The Deadly Professor
Conference Room Chaos
Faculty meetings are of notoriously dull stuff: budget disputes, course schedules and so on. But on the afternoon of February 12, 2010, a biology department meeting at the University of Alabama in Huntsville took a bizarre and bloody turn. Neurobiologist Amy Bishop allegedly pulled a gun on her colleagues and opened fire in a conference room bloodbath that left Gopi Podila, Maria Ragland Davis and Adriel Johnston dead, and wounded Luis Cruz-Vera, Joseph Leahy and Stephanie Monticciolo.
Perhaps the failure of her bid for tenure had pushed arrogant and ambitious assistant professor Bishop, 44, over the edge. Or maybe it had it just been a matter of time before brainy Bishop's dark side would resurface: She had shot and killed her brother in Massachusetts in 1986; the shooting had been deemed an accident at the time, but the case is being reevaluated. Bishop was also suspected of sending a Harvard colleague a pipe bomb in 1994; this too is now being reviewed.

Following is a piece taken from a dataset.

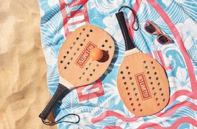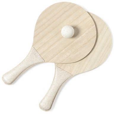 Raquettes de plage de la ligne nature. Fabriquées en bois, avec manche renforcé en canne de blé. Présentées dans un sac en grille et avec une boule de canne de blé.

Bishop's UAH colleagues, however, didn't have a clue about the suspicions that had swirled around her back in her home state, though some of them found her difficult and unpredictable. It was only after she was accused of the 2010 shooting that her violent story came together, revealing the two earlier incidents, a pancake house assault and some wild, murderous unpublished novels.